====== INFORMATION SUPPLIED ======

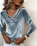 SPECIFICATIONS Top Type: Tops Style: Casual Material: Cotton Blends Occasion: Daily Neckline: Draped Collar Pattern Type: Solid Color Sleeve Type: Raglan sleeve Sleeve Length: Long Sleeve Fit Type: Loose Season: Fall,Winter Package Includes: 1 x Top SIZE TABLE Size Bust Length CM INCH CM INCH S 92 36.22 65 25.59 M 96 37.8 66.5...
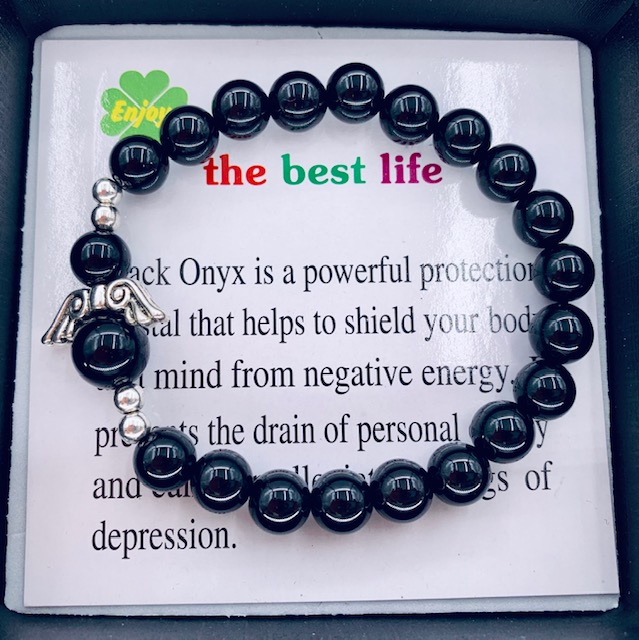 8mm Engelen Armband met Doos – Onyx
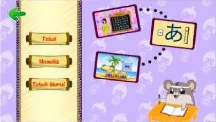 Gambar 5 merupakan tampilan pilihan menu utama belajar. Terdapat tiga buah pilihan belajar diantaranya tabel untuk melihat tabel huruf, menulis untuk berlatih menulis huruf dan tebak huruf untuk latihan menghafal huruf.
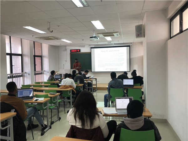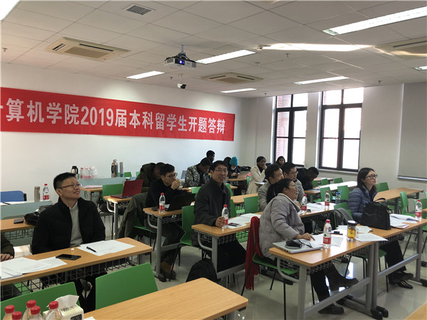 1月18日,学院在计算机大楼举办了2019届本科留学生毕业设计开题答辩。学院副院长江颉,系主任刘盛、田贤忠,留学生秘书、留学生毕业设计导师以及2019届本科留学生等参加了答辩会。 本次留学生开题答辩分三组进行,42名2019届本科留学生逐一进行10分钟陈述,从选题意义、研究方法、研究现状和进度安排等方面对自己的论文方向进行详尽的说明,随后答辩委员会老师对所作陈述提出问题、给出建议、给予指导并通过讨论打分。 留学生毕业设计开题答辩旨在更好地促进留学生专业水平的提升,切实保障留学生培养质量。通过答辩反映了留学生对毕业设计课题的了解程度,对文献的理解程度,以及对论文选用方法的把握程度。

======

# TASK ITEM
Do not include the images; transcribe the rest of the listing exactly.

# RESPONSE AREA
 SPECIFICATIONS Top Type: Tops Style: Casual Material: Cotton Blends Occasion: Daily Neckline: Draped Collar Pattern Type: Solid Color Sleeve Type: Raglan sleeve Sleeve Length: Long Sleeve Fit Type: Loose Season: Fall,Winter Package Includes: 1 x Top SIZE TABLE Size Bust Length CM INCH CM INCH S 92 36.22 65 25.59 M 96 37.8 66.5...
 8mm Engelen Armband met Doos – Onyx
 Gambar 5 merupakan tampilan pilihan menu utama belajar. Terdapat tiga buah pilihan belajar diantaranya tabel untuk melihat tabel huruf, menulis untuk berlatih menulis huruf dan tebak huruf untuk latihan menghafal huruf.
 1月18日,学院在计算机大楼举办了2019届本科留学生毕业设计开题答辩。学院副院长江颉,系主任刘盛、田贤忠,留学生秘书、留学生毕业设计导师以及2019届本科留学生等参加了答辩会。 本次留学生开题答辩分三组进行,42名2019届本科留学生逐一进行10分钟陈述,从选题意义、研究方法、研究现状和进度安排等方面对自己的论文方向进行详尽的说明,随后答辩委员会老师对所作陈述提出问题、给出建议、给予指导并通过讨论打分。 留学生毕业设计开题答辩旨在更好地促进留学生专业水平的提升,切实保障留学生培养质量。通过答辩反映了留学生对毕业设计课题的了解程度,对文献的理解程度,以及对论文选用方法的把握程度。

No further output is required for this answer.